TASK PROMPT
Make an exact transcript of the lines in the data below, starting with the one containing "نام دستگاه خریدار:شرکت" and going on through the one containing "新款朗逸在配置方面实现完美越", with both included and the pictures left out.

AVAILABLE RECORDS

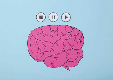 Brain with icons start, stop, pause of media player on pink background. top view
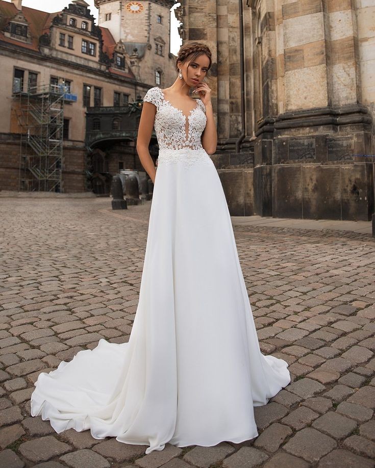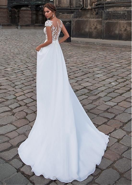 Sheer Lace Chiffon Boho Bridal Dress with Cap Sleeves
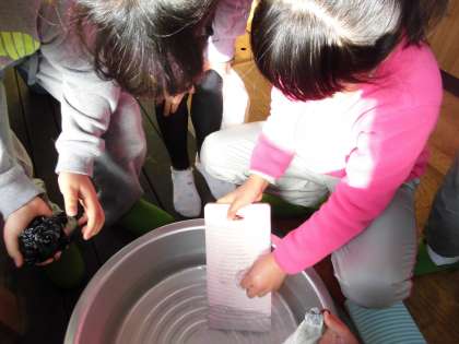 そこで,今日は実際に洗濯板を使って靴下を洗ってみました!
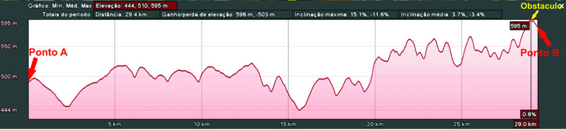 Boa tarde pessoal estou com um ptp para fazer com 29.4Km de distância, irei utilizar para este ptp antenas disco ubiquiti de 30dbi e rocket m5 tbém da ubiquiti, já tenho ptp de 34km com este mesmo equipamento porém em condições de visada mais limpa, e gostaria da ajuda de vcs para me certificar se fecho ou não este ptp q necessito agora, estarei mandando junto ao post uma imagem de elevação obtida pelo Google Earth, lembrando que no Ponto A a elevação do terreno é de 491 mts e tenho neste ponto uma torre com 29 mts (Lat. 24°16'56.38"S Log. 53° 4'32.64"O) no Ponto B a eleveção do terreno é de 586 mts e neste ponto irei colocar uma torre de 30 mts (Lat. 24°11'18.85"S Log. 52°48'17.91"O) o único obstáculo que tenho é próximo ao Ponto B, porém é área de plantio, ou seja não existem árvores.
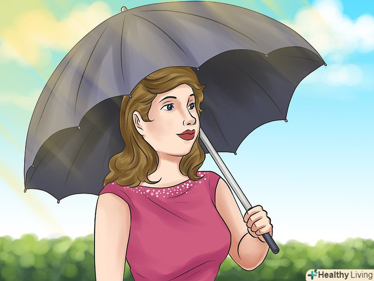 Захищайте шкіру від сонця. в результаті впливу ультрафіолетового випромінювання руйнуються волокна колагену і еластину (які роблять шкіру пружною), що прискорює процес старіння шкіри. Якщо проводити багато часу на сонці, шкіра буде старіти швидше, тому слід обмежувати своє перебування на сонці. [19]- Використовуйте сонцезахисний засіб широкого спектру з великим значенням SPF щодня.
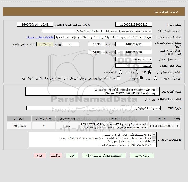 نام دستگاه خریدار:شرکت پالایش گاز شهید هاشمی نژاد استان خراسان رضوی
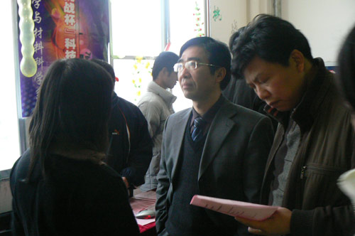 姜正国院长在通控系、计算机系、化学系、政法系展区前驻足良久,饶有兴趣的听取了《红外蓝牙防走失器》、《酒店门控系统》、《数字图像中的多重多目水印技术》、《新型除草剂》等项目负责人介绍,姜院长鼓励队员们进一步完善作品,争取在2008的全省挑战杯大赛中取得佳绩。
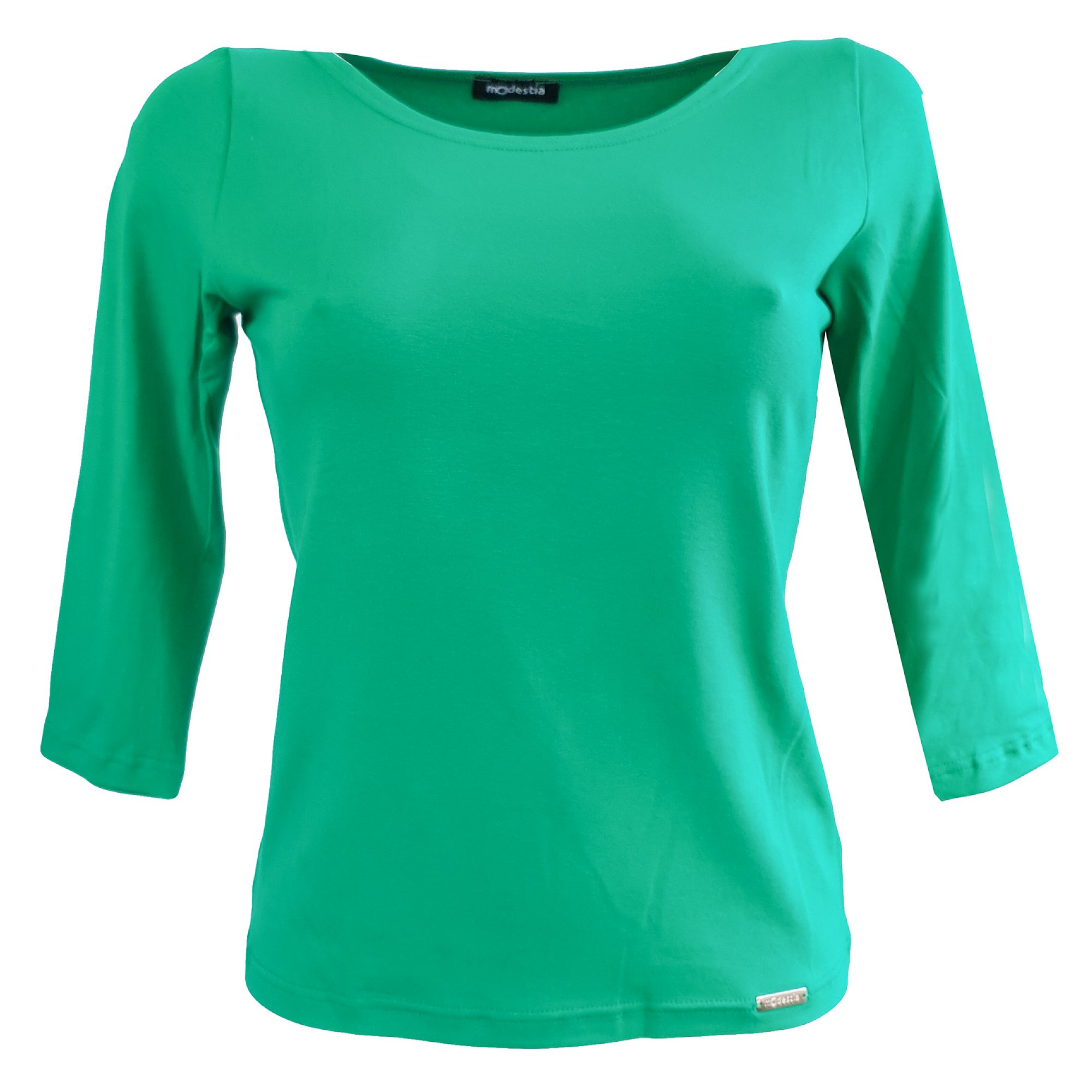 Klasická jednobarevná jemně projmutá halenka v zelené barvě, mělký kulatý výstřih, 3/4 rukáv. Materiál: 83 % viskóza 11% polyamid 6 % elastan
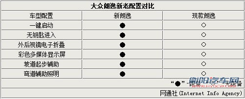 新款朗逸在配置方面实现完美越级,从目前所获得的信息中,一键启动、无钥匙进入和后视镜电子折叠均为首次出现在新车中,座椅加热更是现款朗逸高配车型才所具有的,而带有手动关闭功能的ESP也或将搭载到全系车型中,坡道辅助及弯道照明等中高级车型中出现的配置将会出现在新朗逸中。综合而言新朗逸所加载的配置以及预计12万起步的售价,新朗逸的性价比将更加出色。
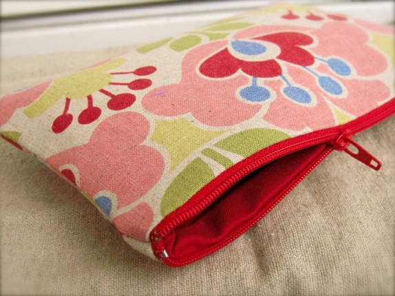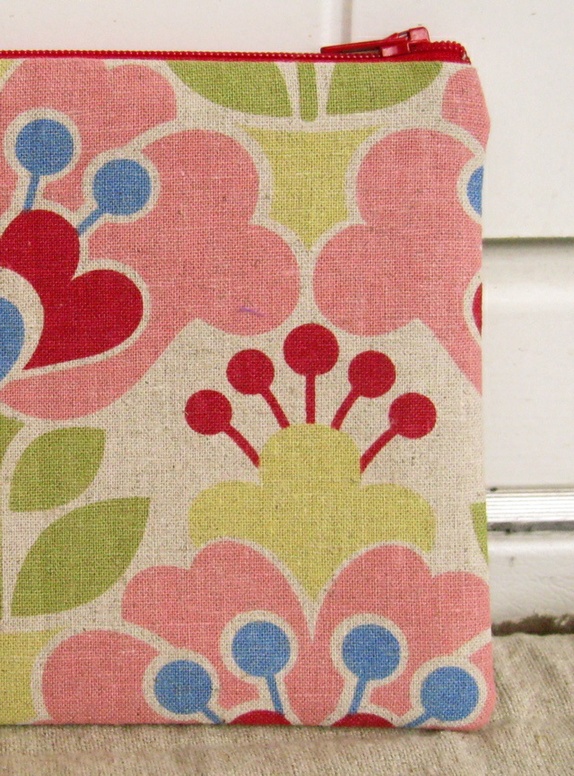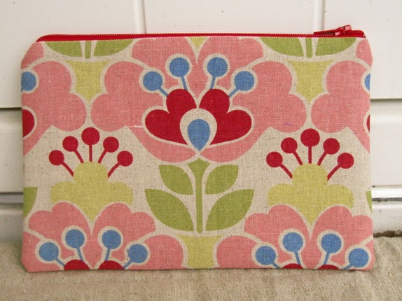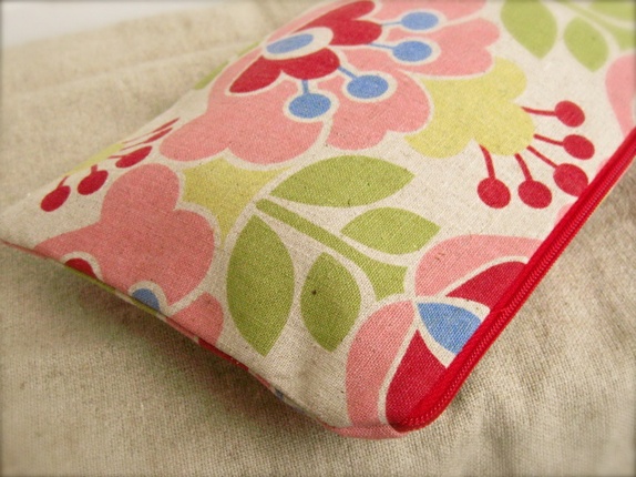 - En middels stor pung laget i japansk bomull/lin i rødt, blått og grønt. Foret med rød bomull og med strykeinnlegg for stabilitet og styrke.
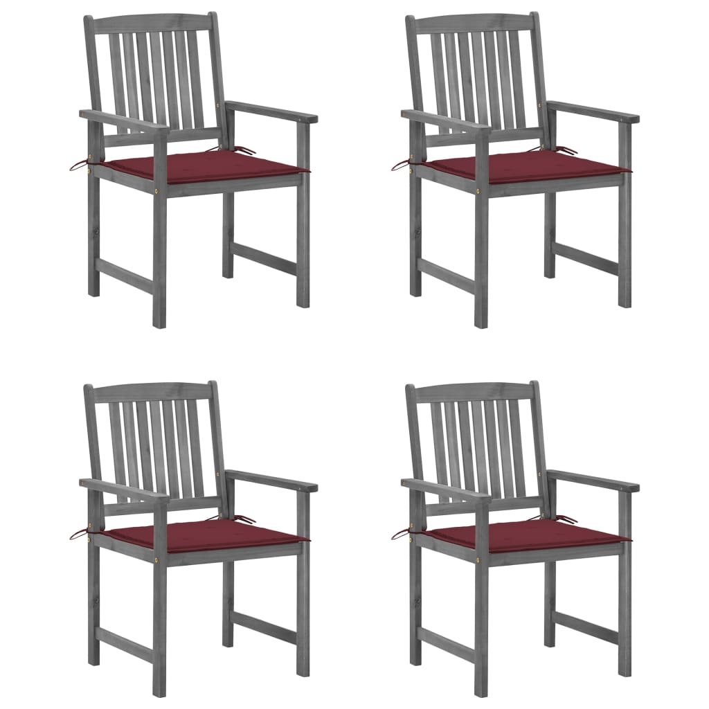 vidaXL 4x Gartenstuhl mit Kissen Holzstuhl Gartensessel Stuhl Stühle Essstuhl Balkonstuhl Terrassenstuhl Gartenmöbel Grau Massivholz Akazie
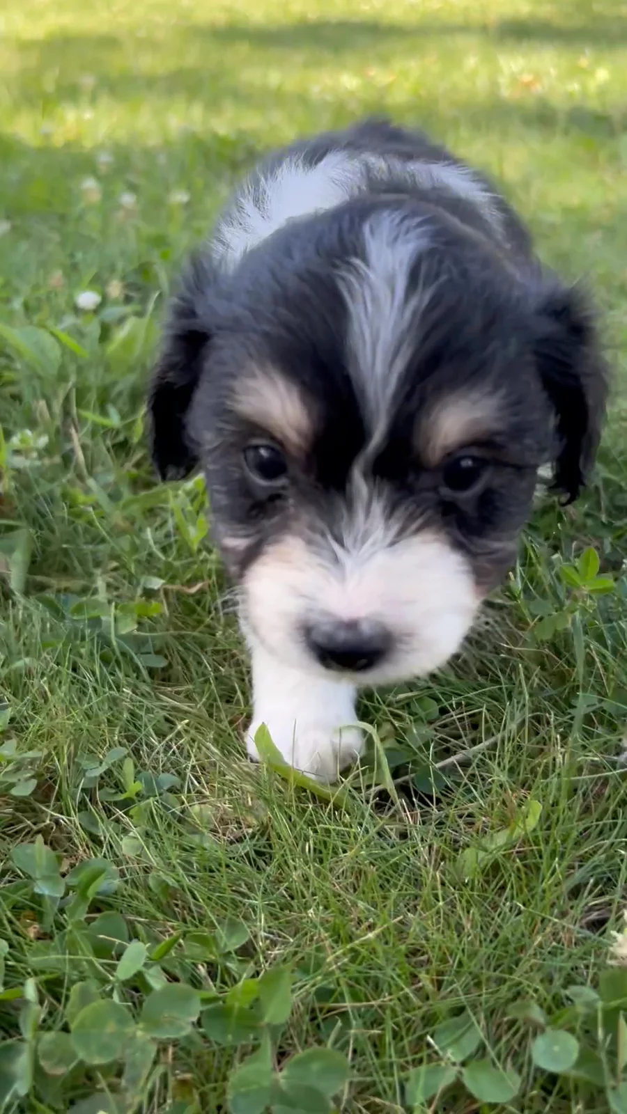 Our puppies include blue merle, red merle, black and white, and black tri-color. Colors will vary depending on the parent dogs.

OUTPUT
 نام دستگاه خریدار:شرکت پالایش گاز شهید هاشمی نژاد استان خراسان رضوی
 姜正国院长在通控系、计算机系、化学系、政法系展区前驻足良久,饶有兴趣的听取了《红外蓝牙防走失器》、《酒店门控系统》、《数字图像中的多重多目水印技术》、《新型除草剂》等项目负责人介绍,姜院长鼓励队员们进一步完善作品,争取在2008的全省挑战杯大赛中取得佳绩。
 Klasická jednobarevná jemně projmutá halenka v zelené barvě, mělký kulatý výstřih, 3/4 rukáv. Materiál: 83 % viskóza 11% polyamid 6 % elastan
 新款朗逸在配置方面实现完美越级,从目前所获得的信息中,一键启动、无钥匙进入和后视镜电子折叠均为首次出现在新车中,座椅加热更是现款朗逸高配车型才所具有的,而带有手动关闭功能的ESP也或将搭载到全系车型中,坡道辅助及弯道照明等中高级车型中出现的配置将会出现在新朗逸中。综合而言新朗逸所加载的配置以及预计12万起步的售价,新朗逸的性价比将更加出色。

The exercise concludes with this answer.